**EXERCISE:**
Restate every record word for word, without the pictures.
----- SUPPLIED MATERIAL
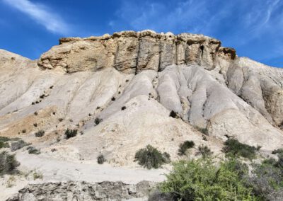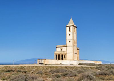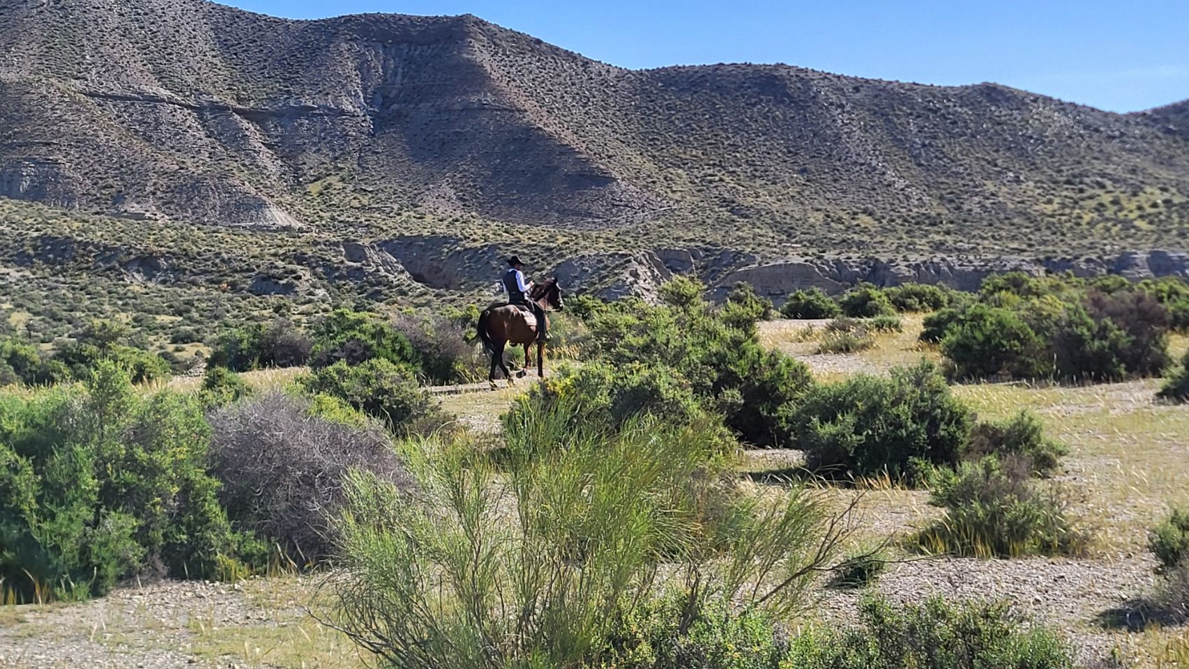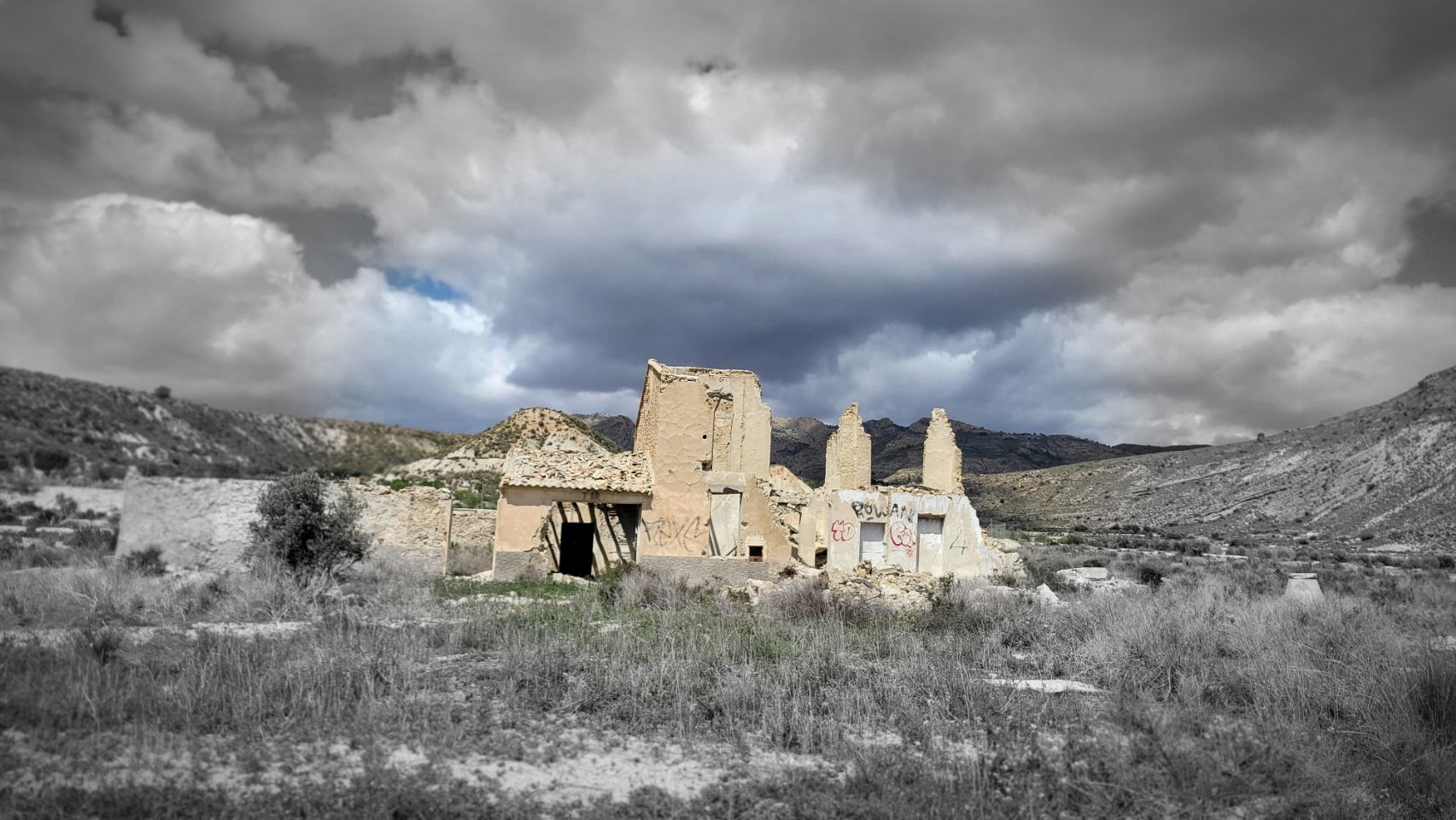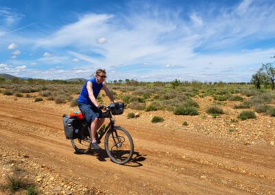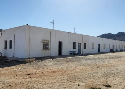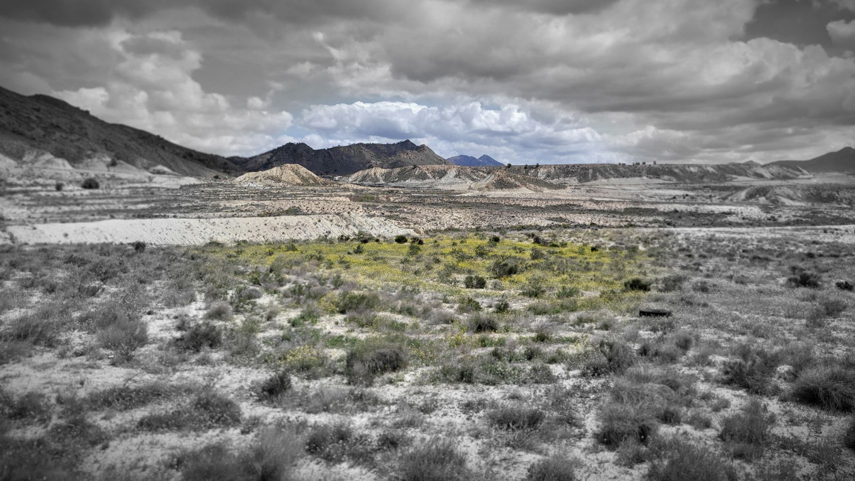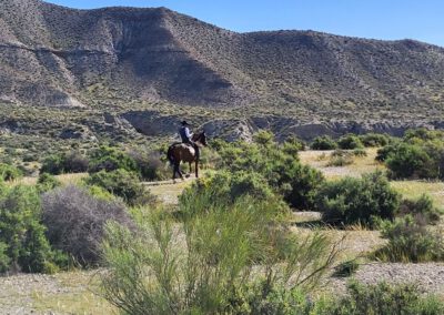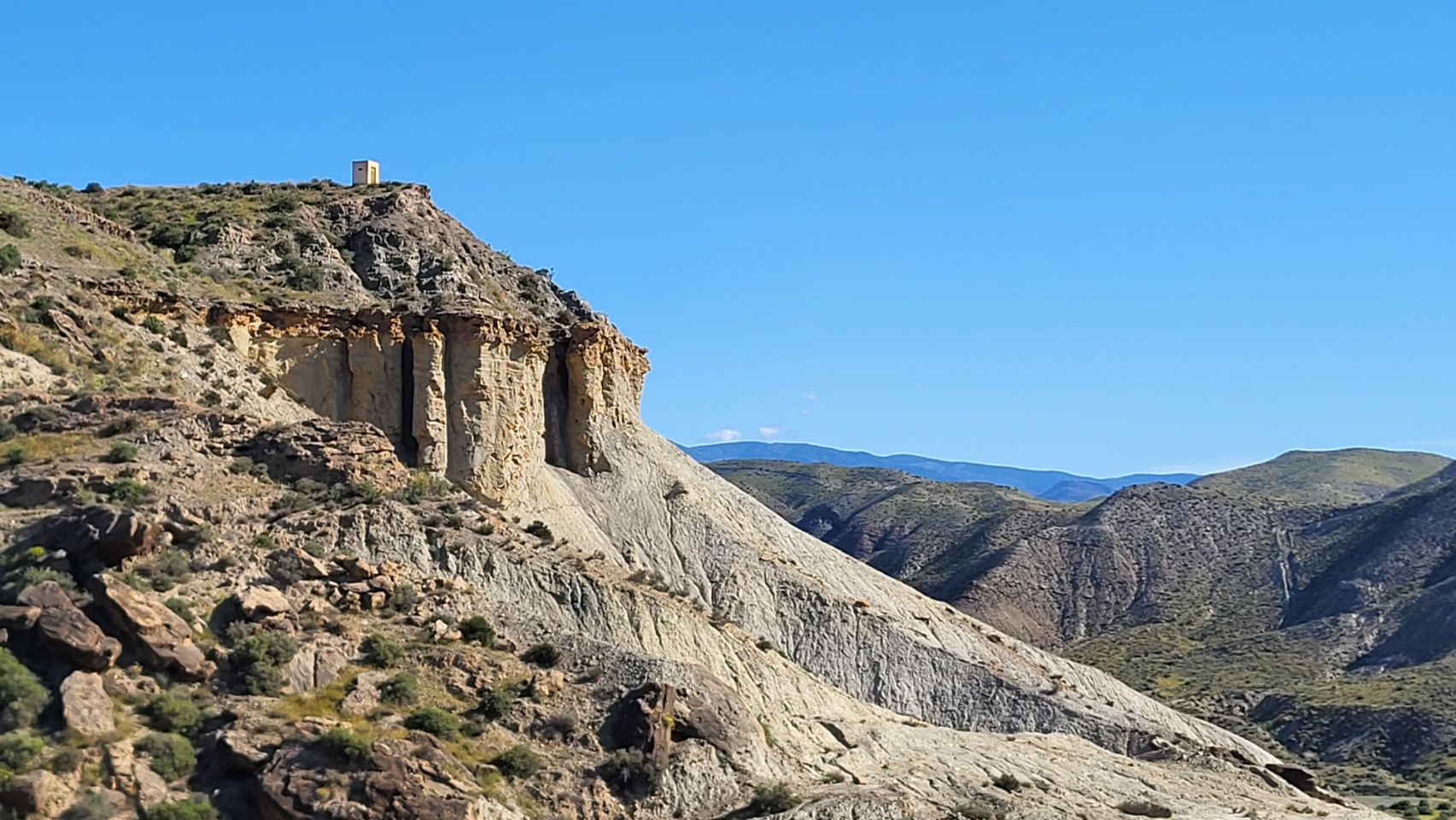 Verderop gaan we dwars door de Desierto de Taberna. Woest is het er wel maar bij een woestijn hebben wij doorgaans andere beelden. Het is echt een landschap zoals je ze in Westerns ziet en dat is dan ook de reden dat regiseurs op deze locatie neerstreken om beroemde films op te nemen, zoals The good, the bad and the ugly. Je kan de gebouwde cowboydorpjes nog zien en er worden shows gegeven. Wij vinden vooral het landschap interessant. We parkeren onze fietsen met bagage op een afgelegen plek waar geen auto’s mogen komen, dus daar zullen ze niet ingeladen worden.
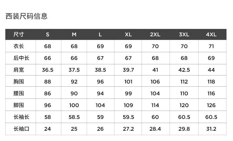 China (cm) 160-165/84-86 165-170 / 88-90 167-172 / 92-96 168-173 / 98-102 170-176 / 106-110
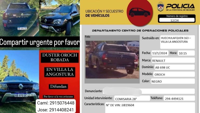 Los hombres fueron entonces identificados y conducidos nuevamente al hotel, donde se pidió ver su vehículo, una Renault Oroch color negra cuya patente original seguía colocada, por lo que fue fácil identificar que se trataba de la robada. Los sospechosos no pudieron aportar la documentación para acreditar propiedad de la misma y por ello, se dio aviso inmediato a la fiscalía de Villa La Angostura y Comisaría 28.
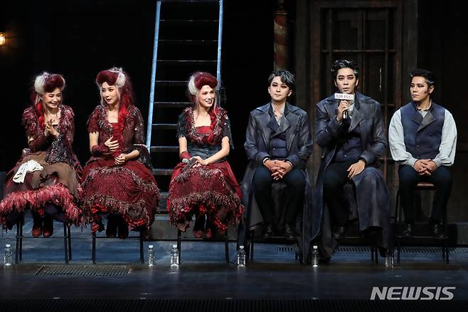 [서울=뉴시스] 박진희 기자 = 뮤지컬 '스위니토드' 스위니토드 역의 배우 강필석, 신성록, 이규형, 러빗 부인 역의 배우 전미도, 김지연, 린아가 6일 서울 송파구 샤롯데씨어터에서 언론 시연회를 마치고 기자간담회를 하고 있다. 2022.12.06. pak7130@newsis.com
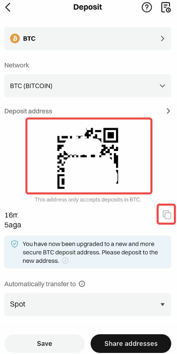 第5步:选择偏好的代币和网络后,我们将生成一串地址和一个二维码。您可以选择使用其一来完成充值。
----------
**RESPONSE:**
 Verderop gaan we dwars door de Desierto de Taberna. Woest is het er wel maar bij een woestijn hebben wij doorgaans andere beelden. Het is echt een landschap zoals je ze in Westerns ziet en dat is dan ook de reden dat regiseurs op deze locatie neerstreken om beroemde films op te nemen, zoals The good, the bad and the ugly. Je kan de gebouwde cowboydorpjes nog zien en er worden shows gegeven. Wij vinden vooral het landschap interessant. We parkeren onze fietsen met bagage op een afgelegen plek waar geen auto’s mogen komen, dus daar zullen ze niet ingeladen worden.
 China (cm) 160-165/84-86 165-170 / 88-90 167-172 / 92-96 168-173 / 98-102 170-176 / 106-110
 Los hombres fueron entonces identificados y conducidos nuevamente al hotel, donde se pidió ver su vehículo, una Renault Oroch color negra cuya patente original seguía colocada, por lo que fue fácil identificar que se trataba de la robada. Los sospechosos no pudieron aportar la documentación para acreditar propiedad de la misma y por ello, se dio aviso inmediato a la fiscalía de Villa La Angostura y Comisaría 28.
 [서울=뉴시스] 박진희 기자 = 뮤지컬 '스위니토드' 스위니토드 역의 배우 강필석, 신성록, 이규형, 러빗 부인 역의 배우 전미도, 김지연, 린아가 6일 서울 송파구 샤롯데씨어터에서 언론 시연회를 마치고 기자간담회를 하고 있다. 2022.12.06. pak7130@newsis.com
 第5步:选择偏好的代币和网络后,我们将生成一串地址和一个二维码。您可以选择使用其一来完成充值。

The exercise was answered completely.